> Extracted information:
- - -
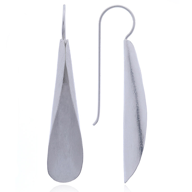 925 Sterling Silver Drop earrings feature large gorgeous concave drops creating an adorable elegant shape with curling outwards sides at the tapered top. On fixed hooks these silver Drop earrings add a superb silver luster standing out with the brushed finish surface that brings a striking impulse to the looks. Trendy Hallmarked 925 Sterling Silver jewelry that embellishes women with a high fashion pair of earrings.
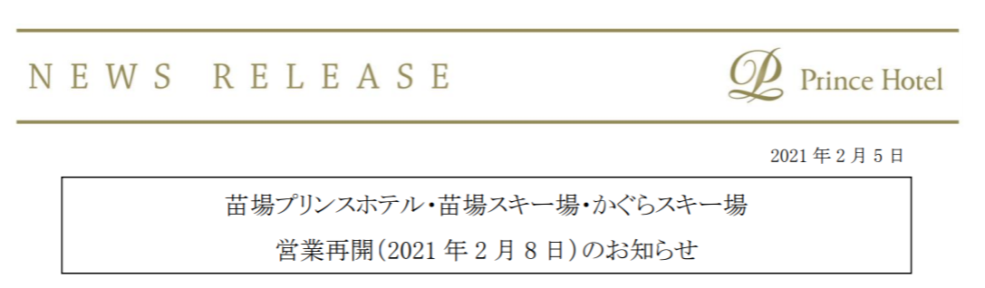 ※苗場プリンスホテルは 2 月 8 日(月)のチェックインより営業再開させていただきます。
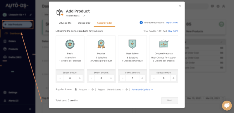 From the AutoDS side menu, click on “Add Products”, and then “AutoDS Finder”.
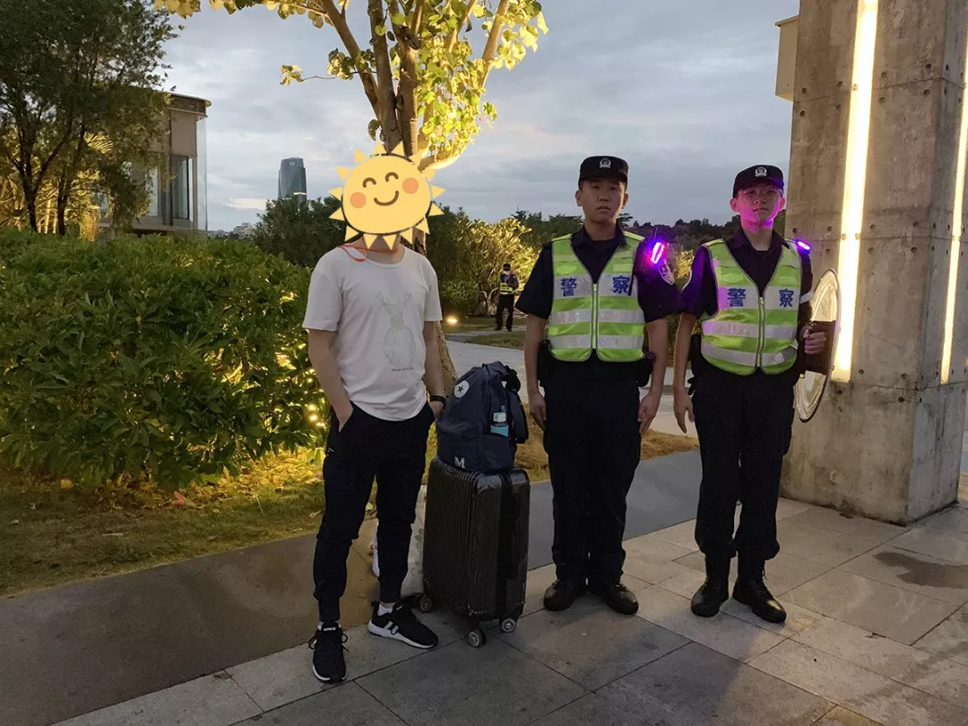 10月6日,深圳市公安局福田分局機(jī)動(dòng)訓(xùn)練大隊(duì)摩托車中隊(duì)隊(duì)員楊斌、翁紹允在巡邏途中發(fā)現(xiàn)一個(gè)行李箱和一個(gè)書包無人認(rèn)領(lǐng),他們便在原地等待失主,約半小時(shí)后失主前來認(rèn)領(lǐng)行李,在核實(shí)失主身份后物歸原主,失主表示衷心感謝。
- - -
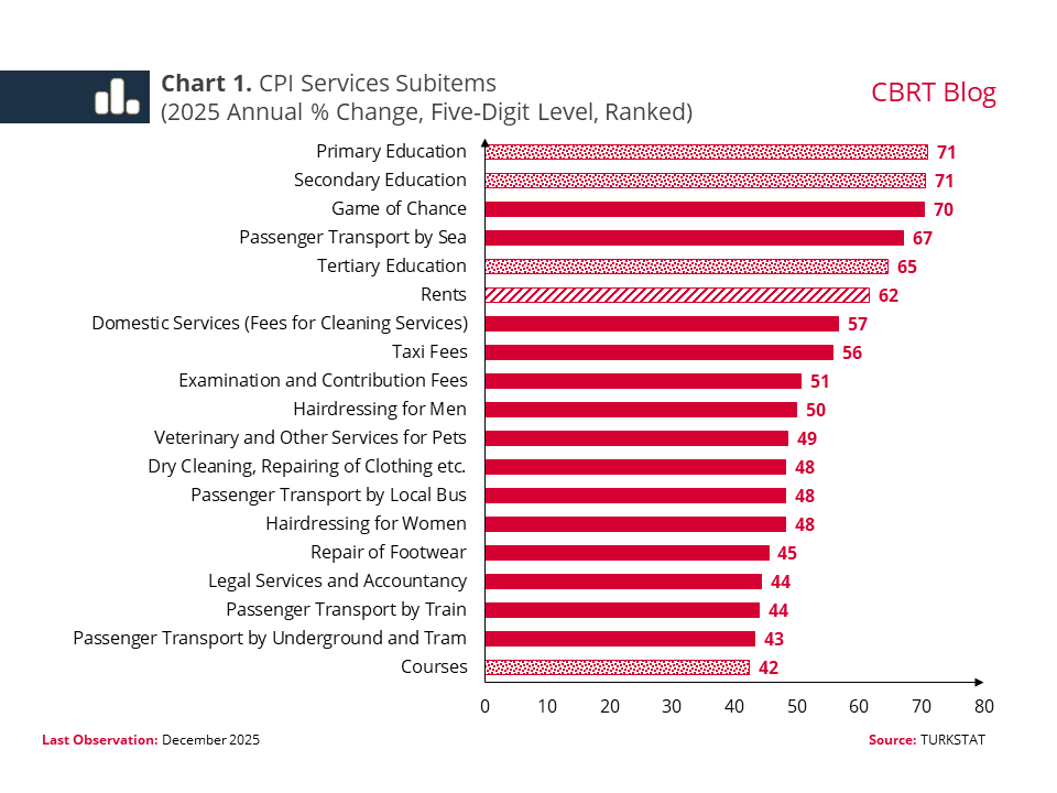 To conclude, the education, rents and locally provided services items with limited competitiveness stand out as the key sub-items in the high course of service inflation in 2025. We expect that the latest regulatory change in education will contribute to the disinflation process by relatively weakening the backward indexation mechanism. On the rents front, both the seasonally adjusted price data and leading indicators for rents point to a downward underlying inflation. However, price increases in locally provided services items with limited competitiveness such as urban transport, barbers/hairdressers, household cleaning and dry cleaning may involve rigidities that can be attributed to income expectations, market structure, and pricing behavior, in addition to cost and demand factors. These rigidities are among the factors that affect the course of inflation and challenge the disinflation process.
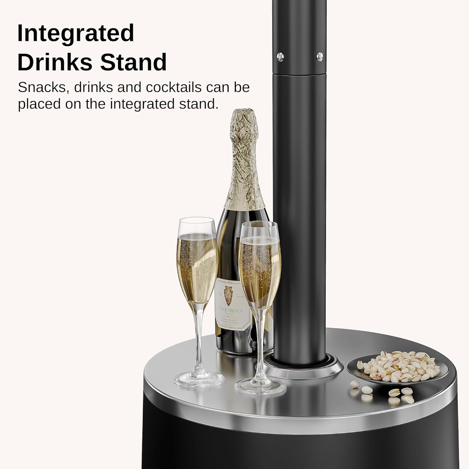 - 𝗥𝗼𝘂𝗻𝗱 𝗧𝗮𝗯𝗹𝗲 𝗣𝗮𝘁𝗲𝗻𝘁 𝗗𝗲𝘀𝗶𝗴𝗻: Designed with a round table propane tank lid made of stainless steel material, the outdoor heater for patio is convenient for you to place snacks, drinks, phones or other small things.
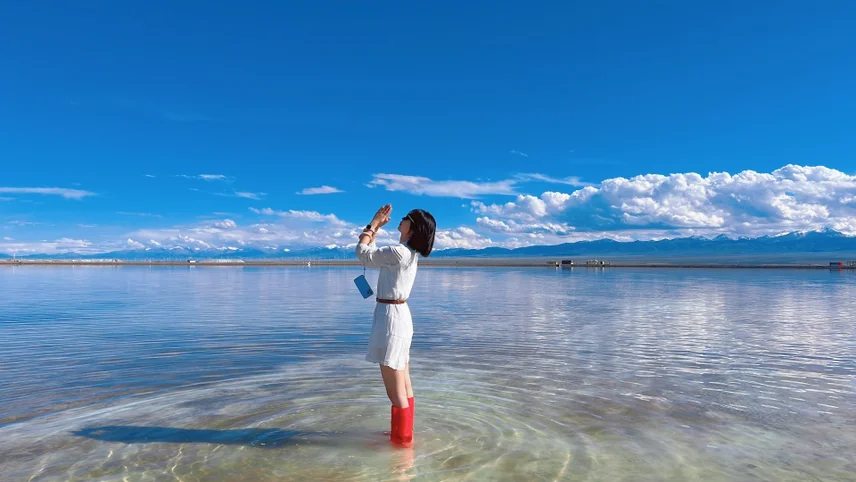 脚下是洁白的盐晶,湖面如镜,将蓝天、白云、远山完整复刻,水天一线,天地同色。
- - -
> The task:
In the listing above, find the line containing "From the AutoDS" and the line containing "10月6日,深圳市公安局福田". Reproduce those lines and all between them exactly, with no pictures and nothing more.

> Result below:
 From the AutoDS side menu, click on “Add Products”, and then “AutoDS Finder”.
 10月6日,深圳市公安局福田分局機(jī)動(dòng)訓(xùn)練大隊(duì)摩托車中隊(duì)隊(duì)員楊斌、翁紹允在巡邏途中發(fā)現(xiàn)一個(gè)行李箱和一個(gè)書包無人認(rèn)領(lǐng),他們便在原地等待失主,約半小時(shí)后失主前來認(rèn)領(lǐng)行李,在核實(shí)失主身份后物歸原主,失主表示衷心感謝。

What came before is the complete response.